风沙还在刮,洞外的声响没有停歇,岩顶晶簇的光随着气流微微晃动,在石室地面投下断续的影。陈浔站在原地未动,青冥剑归鞘,手却始终搭在剑柄上,指节因久握而泛白。澹台静仍盘坐在石板上,掌心那缕灵光已悄然隐去,但她神识未曾收回,如细丝般向外延展,探入通道深处。
两人谁都没说话,气息平稳,却比之前更紧了一分。
就在这时,通道口的风忽然变了方向。
原本自外向内灌的沙流猛地一顿,像是被什么东西挡住了。

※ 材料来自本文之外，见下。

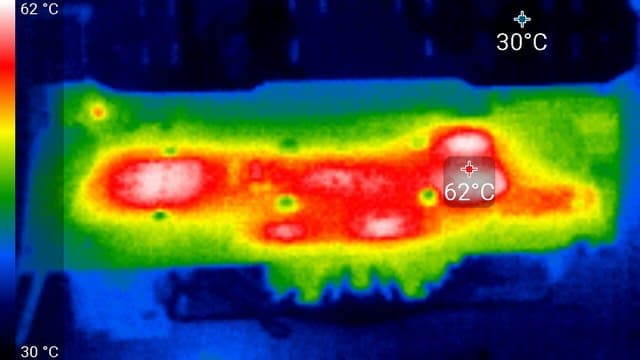 Максимальный нагрев 64 градуса — на печатной плате с обратной стороны в районе микросхем памяти.
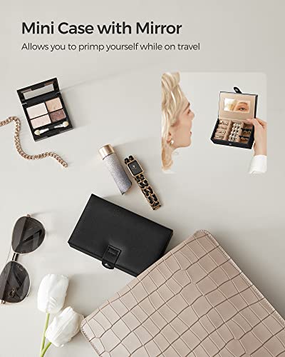 [Mini Case for Travel Use] This jewelry organizer comes with a smaller travel jewelry case that you can pop into your bag to keep pairs of jewelry when traveling. Even better, the mirror inside the small box makes it easy for you to primp yourself on the go
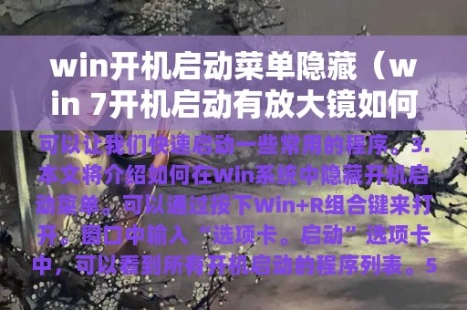 3. 本文将介绍如何在Win系统中隐藏开机启动菜单。
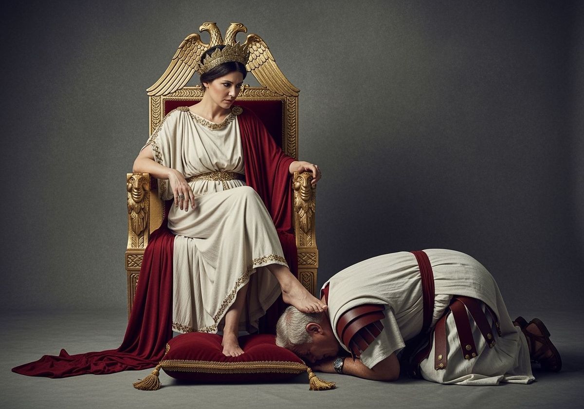 This image shows a Roman Empress on her throne, expressing displeasure towards a kneeling senator. Shot in a professional studio with natural lighting and a bokeh effect, the image captures a powerful presence.

紧接着,一股极轻的脚步声顺着石道传来,不急不缓,踩在干燥的岩面上,每一步都像量过一般精准。
陈浔眼神一凝,左肩旧伤处传来一阵熟悉的滞涩感,不是疼痛,而是某种预兆性的压迫。他不动声色地侧移半步,将澹台静护在身后,右手缓缓压低,五指扣住剑柄根部。
来人已经到了洞口。
一个身影从风沙中走出,披着灰褐色斗篷,边缘绣着西域常见的火焰纹,腰间挂着一把弯刀,刀鞘老旧,但刃口寒光隐约可见。他脸上蒙着半幅面巾,只露出一双眼睛——狭长、深陷,瞳色偏金,像是常年行于大漠烈日之下的人。
他停下脚步,站在石室入口三丈外,目光扫过陈浔,又落在澹台静身上,最后定在她膝前那块静静悬浮的情石上。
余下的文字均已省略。